The Hong Kong SAR Government, however, is not alone in worrying about the rally.  The Democratic Party (DP), a leading party in the pro-democracy camp of Hong Kong, was verbally attacked by participants at last year’s rally. It was accused of being a traitor to democracy following its “pact” with Beijing regarding the constitutional reform of 2012, and the party is now eager to find out how civil society groups and post-1980s youngsters will treat them this year. However, as the divisions within the democratic camp have yet to be mended, more conflict of this kind seems inevitable.

The split within the democratic camp of Hong Kong was made public in early 2010 when another pro-democracy party, the League of Social Democrats (LSD), initiated a “de facto referendum” triggered by the simultaneous resignation of one Legislative Council (Legco) member in each of Hong Kong’s five geographical constituencies. The resulting by-election gave people a chance to express their views on issues such as the abolition of functional elections—by which votes within special interest groups fill half the seats in Legco. After some twists and turns, the Civic Party (CP) finally joined this “New Democratic Movement” and began to adopt provocative slogans such as “people’s insurgency” and “liberate Hong Kong” to stir up anti-Beijing sentiment in the community. Some civil society groups and youngsters were particularly excited by this innovative, if not subversive, attempt.
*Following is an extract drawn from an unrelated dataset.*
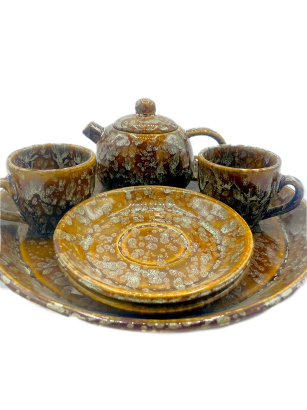سرویس چایخوری سفالی با روکش لعاب شرهای

The central government, as expected, reacted strongly by deeming it unconstitutional while local pro-Beijing parties ordered a boycott by not fielding any candidates in the by-elections. It was believed that the top leaders in Beijing were deeply concerned that the referendum would be used as a means for instigating separatist sentiment in Hong Kong, as the Democratic Progress Party had attempted to do in Taiwan.

The Democratic Party Stands Aside

Faced with such controversy, the DP chose to stand aside from the referendum, although not just because of its confrontational nature. According to its chairman, Albert Ho Chun-yan, the idea of a de facto referendum was considered a rash move because the loss of any pro-democracy seats in the resulting by-elections might make it difficult for the camp to maintain its legislative veto power (1/3 of all Legco seats) during the constitutional reform process. Moreover, Ho found it unacceptable that the CP-LSD alliance planned to seek a mass resignation of all pro-democracy Legco members should authorities fail to respond to the demands raised in the referendum. Ho regarded this as a self-defeating tactic, as previous experience in Singapore had shown when a similar resignation only led to a weaker opposition.

As a result, the DP put together a group of scholars, traditional democratic groups and pro-democracy lawmakers to form the Alliance for Universal Suffrage (AUS) to negotiate with authorities in Hong Kong and Beijing for a vigorous reform package, without challenging the National People’s Congress earlier decision not to implement universal suffrage in 2012 (as had once seemed possible). Beijing seized this opportunity to marginalize the CP-LSD alliance by branding the DP-AUS as “moderate democrats,” despite the fact that many members had been involved in an organization supporting the 1989 democracy movement in Beijing. Eventually, to the surprise of many, Beijing accepted the DP’s proposal to expand the franchise for the functional election of five new Legco members who would represent the 400 members of District Councils—local government bodies—so that all Hong Kong voters (some three million) who did not qualify for a vote in some other functional constituency could vote in this one. The concept of enlarging the voting rolls while restricting nominations to District Council members in this “super-DC election” originated from the last British governor of Hong Kong, Chris Patten. His political reform package was condemned by Beijing at the time as violating the Sino-British Joint Declaration and the Basic Law, and was not allowed to ride on the political “through train” he had proposed for the years beyond 1997. However, the present regime in Beijing was pragmatic enough to accept the DP’s similar proposal, both to avoid accelerating conflicts in Hong Kong and to explore a new relationship with the opposition for the sake of improving the governance of Hong Kong SAR.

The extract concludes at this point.